Relationships or Friends With Benefits?
The last time I decided to write something on Mr. Arya’s blogspot, many thought that it was too personal and that I was a complete a**hole for doing something like that. So I did some soul searching and turns out that I am in fact an a**hole, and I am proud to be one.
Anyway after much contemplation, I have decided to put pen on paper again, or rather my fat, ill-maintained fingers on the keyboard again. I am someone who has never been in a relationship for long, apart from my first girlfriend with whom I was with for 3 years. The maximum time I have been with a woman is a little over a year. I am not boasting about anything here, neither am I talking about any phobia from commitment. But what I would like to do here is ponder over being in a relationship altogether, as compared to having friends with benefits.
Now most of my close friends would tell me that I am writing this piece because I have never found true love. Maybe that is correct, but you have to understand my friends that every time I was dating someone, I convinced myself that I was in love with her. I told myself numerous times this girl is perfect and that I would not get anyone better than her to spend the rest of my life with. Then I would start naming our kids and she would run away. Or it could even so happen that I would start nitpicking, and the smallest of habits of my better half at that point would drive me nuts. Again, the optimists would argue that I have never found true love. But my question is why should I or anyone for that matter, even look for true love?
Let us talk about relationships to begin with:
The Chase:
Oh I love this part. It is the only thing I can give to relationships. But then again, when you think about it, you have to chase your friend to convince him/her to sleep with you with no strings attached.

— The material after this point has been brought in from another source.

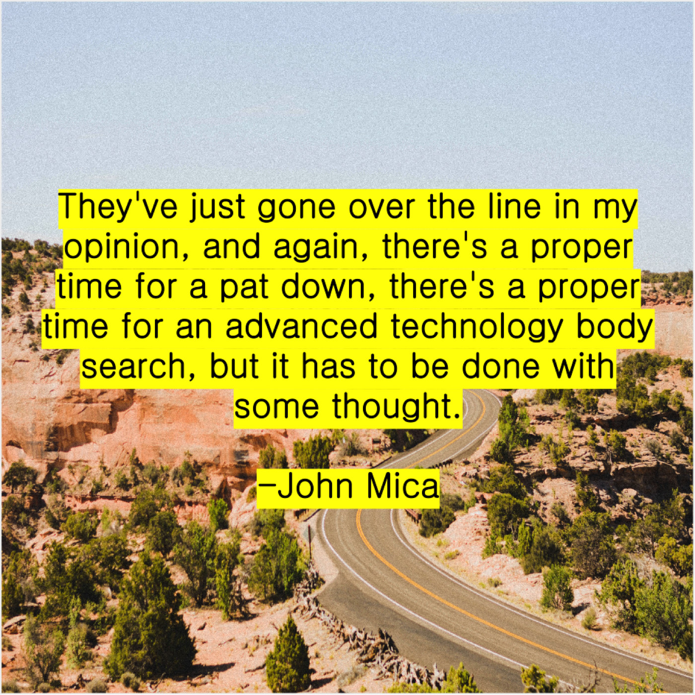 John Mica John Mica – They’ve just gone over the… March 17, 2019 admin “They’ve just gone over the line in my opinion, and again, there’s a proper time for a pat down, there’s a proper time for an advanced technology body search, but it has to be done with some thought.”-John Mica

So I take that point back from relationships.
Most men (apart from my married friends) would like to be with a good looking woman. Of course good looks may be subjective, but in their head she has to be good looking. Compatibility is overrated for us, and we really don’t care. If I were given a choice between a girl who is as compatible with me as Bhalla and Robert were, and Roshan Khambatta, I would pick Roshan Khambatta any freaking day.
I would like to reveal a small secret here that most men themselves might not know; all of us want trophy wives. Don’t deny it. If that were not the case, why the hell do you people go to the girl’s house in an arranged marriage scenario? If you are looking for true love, and looks don’t matter, talk to the girl on the phone and get married to her without ever seeing her. So what if she may have a beard and 3 boobs? She is your soul mate, right?

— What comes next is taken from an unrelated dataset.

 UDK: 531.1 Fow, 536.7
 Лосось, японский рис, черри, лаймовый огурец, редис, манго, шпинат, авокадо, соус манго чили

Even when it comes to the chase you only go after the “good looking” ones. Now here is the girl’s side. A girl, more often than not, would chase a guy if she sees a future. For example:
· If she sees a guy who is good looking, she will think, “oh this guy is so cute. We will have such beautiful babies”.
· If she sees a guy playing with kids, “Oh my God, he will be such an amazing father to my kids”.
· If she sees a strong guy, “I can definitely make him do some chores around the house, and make him do the groceries all the time”.
· If she sees a combination of all of the above, “He is going to be my slave for the rest of his life.”
The Relationship:
You know the worst part about being in a relationship? The relationship! Seriously, it sucks ass. You are tied down, you have differences which you have to “learn to adjust to”, or learn to “live with”, or even worse “make some sacrifices”. Screw that!
Now I would like to talk about the dream relationship for every single man, Friends with Benefits:
If anyone saw the promos for the movie with the same title, and if you see what Justin Timberlake does to Mila Kunis at some award function on stage to promote the movie, you would be sold right there on the concept! I would not have to explain shit. Unfortunately, not everyone has the time to search for all videos that can get a man’s blood pumping to the correct parts and so I would have to elaborate a bit.
FWBs have existed since a long time but these days, more and more people are getting into it. Be it the influence of the west, or be it not everyone having Idea 3G, people want to do it. As explained above, the process of getting into a relationship is too long, and too time consuming. Finding someone who just wants to do it with no strings attached, much much faster. Tough choice isn’t it? NOT.
FWBs are like the duck laying golden eggs. You can get a golden egg every time you want, and you can never fathom killing it. People up in North India are staunch believers in the FWB ideology I suppose. They consider every girl their friends and try to get some benefits. Unfortunately, they are unable to explain this to cops or journalists alike, and they end up being termed rapists.
FWBs may have its drawbacks too. Usually, one of the two involved tends to develop feelings which may sooner or later screw up that friendship. But the simple solution is to have an out clause where as soon as one person develops feelings, the other person can say, “you are out!” or “chal nikkal” as I would put it.
Coming back to the main question in hand, which should one go for? People in relationships may argue that in relationship you can share your feelings, your frustrations with your better half. But isn’t that what friends are for? Be it of the same sex or of the opposite sex? Friends are there in your life to support you through your ups and downs, so why the hell do you have to date someone for that?
My take is that man was not meant to be monogamous is my take. What is yours?